Catharina Melzer, Juliane von der Ohe, Ralf Hass

Abstract

Fusion of breast cancer cells with tumor-associated populations of the microenvironment including mesenchymal stroma/stem-like cells (MSC) represents a rare event in cell communication whereby the metastatic capacity of those hybrid cells remains unclear. Functional changes were investigated in vitro and in vivo following spontaneous fusion and hybrid cell formation between primary human MSC and human MDA-MB-231 breast cancer cells. Thus, lentiviral eGFP-labeled MSC and breast cancer cells labeled with mcherry resulted in dual-fluorescing hybrid cells after co-culture.

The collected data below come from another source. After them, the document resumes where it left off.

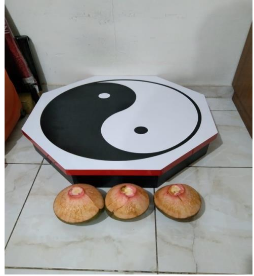
Source: Documentation Study Figure 5 . Tools as media For practice consultation, seen coconut as media for rituals in consulting practice " Feng Shui."

Consultant "Feng Shui" Suhu furthermore that is Suhu Abu Where, the practice consultant "Feng Shui " it has been a while since 1999, meaning that he has been around 24 years professional as a consultant "Feng Shui." Abun's suhu is experienced in building layout, harmony land office, et cetera. In addition, it is believed to hold one monastery big in Sukabumi, So to run a consulting practice, " Feng Shui," back and forth back to Jakarta - Sukabumi. It is also arranged in the monastery by bathing clean up with flower water Buddha statue And goddess statue Kuanim.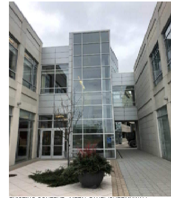
EXISTING CONTEXT - METAL PANEL/CURTAINWALL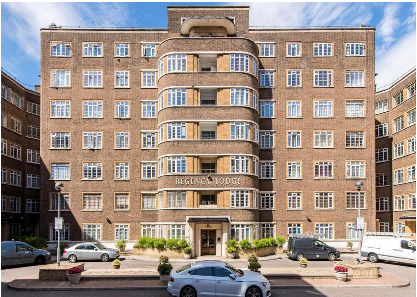
Above: Regency Lodge, main entrance

The building is organised as linked blocks in a horseshoe plan form with vehicular and pedestrian access from Adelaide Road into a landscaped forecourt.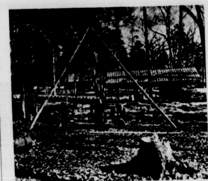
OIL SCENE IN 1880's - This rare photograph, appearing an 1891 Texas Geological Survey report, shows workmen filling barrels in Texas' first commercial oil field near Nacogdoches. It was developed about 20 years after the Barret well. Visitors to field today collect souvenir samples of oil from these wells.

you caught seed, or buy from anoth- Mix all of the soil from the difer farmer, the only safe way you ferent locations to be submitted as High School students wish to ex- can obtain this information is to one sample, and place in a mailing container which I have in my of-This service is provided by the fice. Next obtain an information Texas Department of Agriculture, 2814 34th St., Lubbock, Texas. A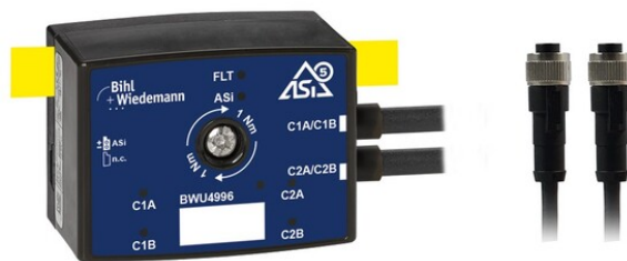
Fig.: In the new ASi-5 counter module ( BWU4996 ) in IP67, the inputs and sensors are supplied out of ASi, and the peripherals are all supplied via 2x M12 cable sockets (5 poles).

Now, you can also use the proven ASi-5 technology of our counter modules in the cable duct, thanks to the newly compact redesigned ASi-5 counter module BWU4996 . Previously, all ASi-5 counter modules offered four 2-channel counter inputs. The BWU4996 expands our product portfolio by offering two 2-channel counter inputs . This allows you to tackle small applications even more flexibly and cost-effectively . Unused counter inputs can also be configured as digital inputs .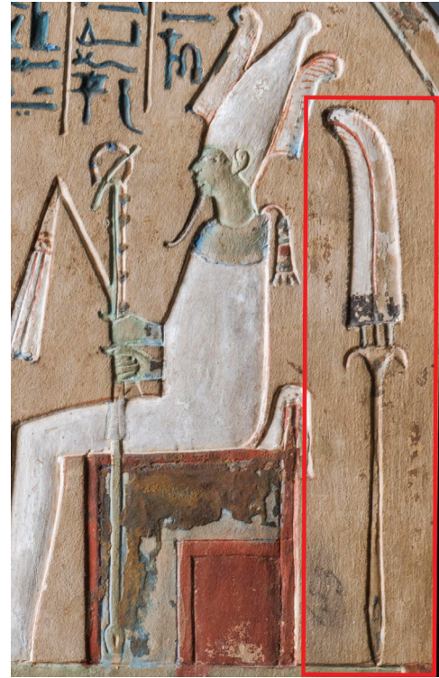
FIG. 6. hw -fan standing behind Osiris from the stela of Djehutynefer (Cat. 1639, Museo Egizio, Torino).

A significant piece of evidence further supporting the function of this piece as a fan handle is provided by a carved Assyrian ivory of the Metropolitan Museum of Art (54.117.3), 19 found in the Palace of Ashurnasirpal II at Nimrud, and dated to the late 8th and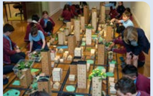
Sustainability activities at Glen Eira Gallery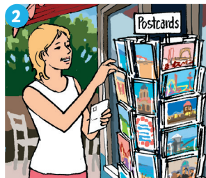
look at postcards • shop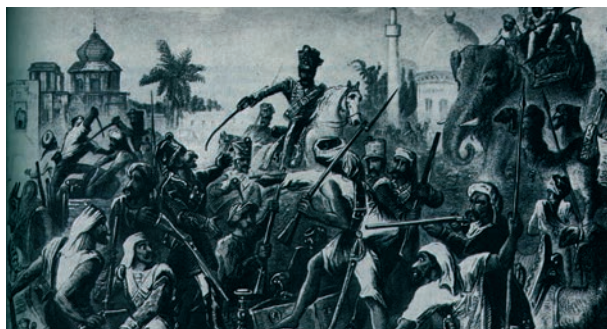
1857 Great Rebellion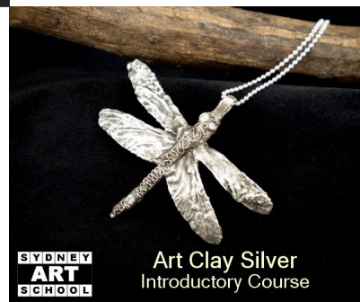
SYDNEY ART SCHOOL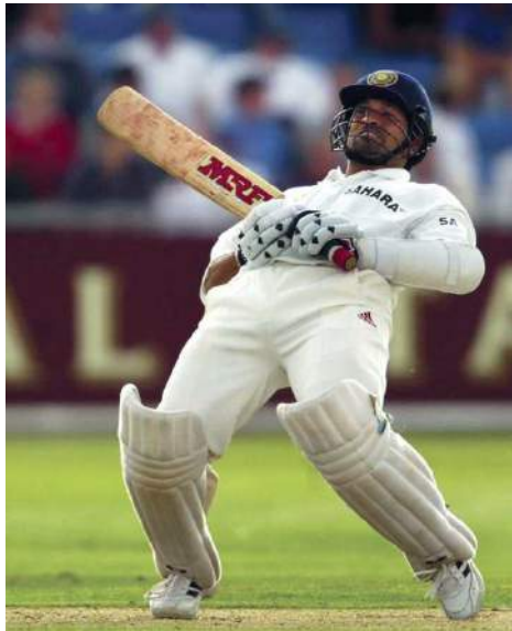
Evading a bouncer during a hostile spell from Andrew Flintoff in the third Test at Headingley in 2002.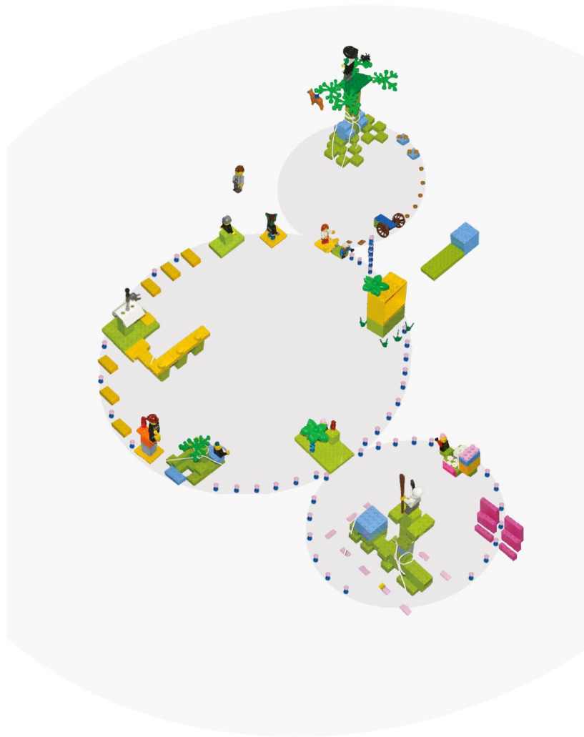
Figure 1: Digital collage of the results from two LEGO participatory mapping sessions. Case study participants designing an IPTV home-banking service used colour-coded LEGO bricks and figures to map the service infrastructure and the role of business actors. Two sessions are summarised here in a digital collage, showing the relationships that emerged. In the central loop, the service is carried forward, clockwise, starting with the client and moving to the provider and their business partners. Below, in a different loop, the banking platform assists cloud-based transactions made with a card. Above, the client receives income.

The satellite views for our navigation metaphor can be refined over time; in a second LEGO session, the group reflected upon and remodelled the weaker parts of the service design, adding bricks where necessary. The nature of actors was represented by avatars to show their business role, world view and degree of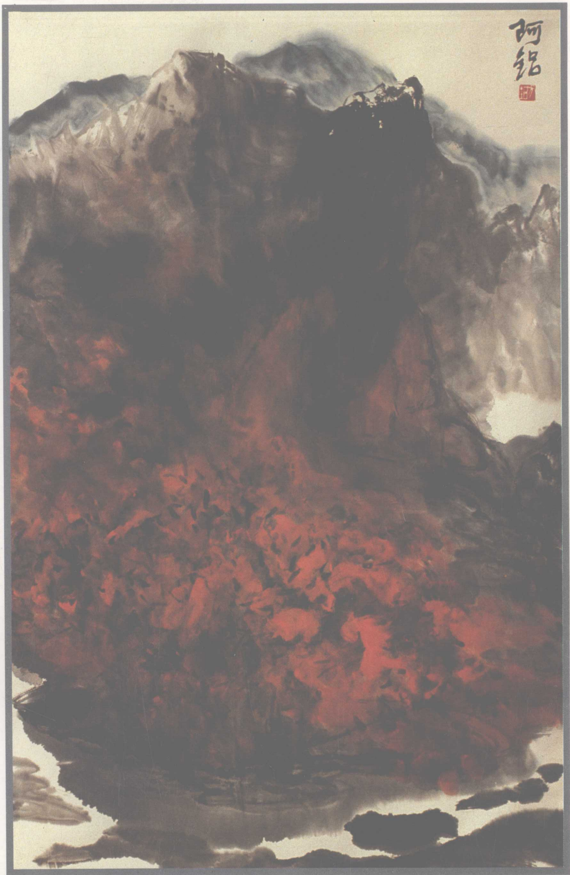
3. 無題 Nameless 1990年 (60×96)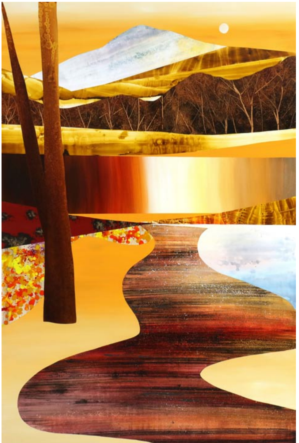
Sunrise Yellow, Yakima Valley, acrylic on panel, 60 x 48 inches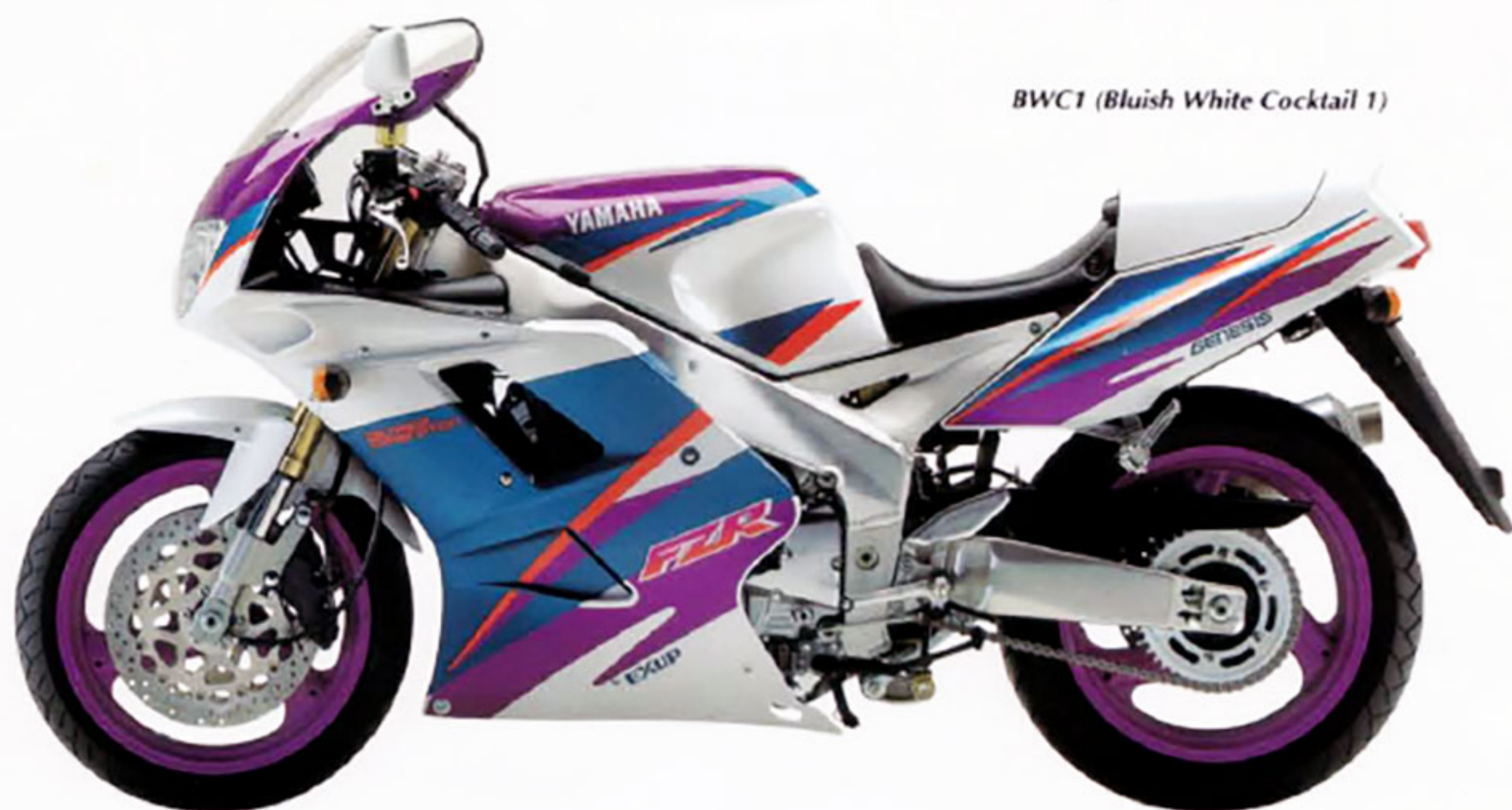
BWC1 (Bluish White Cocktail 1)

Double FACS sorting and single cell cloning revealed two different aneuploid male hybrid populations (MDA-hyb1 and MDA-hyb2) with different STR profiles, pronounced telomerase activities, and enhanced proliferative capacities as compared to the parental cells. Microarray-based mRNA profiling demonstrated marked regulation of genes involved in epithelial-mesenchymal transition and increased expression of metastasis-associated genes including S100A4. In vivo studies following subcutaneous injection of the breast cancer and the two hybrid populations substantiated the in vitro findings by a significantly elevated tumor growth of the hybrid cells. Moreover, both hybrid populations developed various distant organ metastases in a much shorter period of time than the parental breast cancer cells. Together, these data demonstrate spontaneous development of new tumor cell populations exhibiting different parental properties after close interaction and subsequent fusion of MSC with breast cancer cells. This formation of tumor hybrids contributes to continuously increasing tumor heterogeneity and elevated metastatic capacities.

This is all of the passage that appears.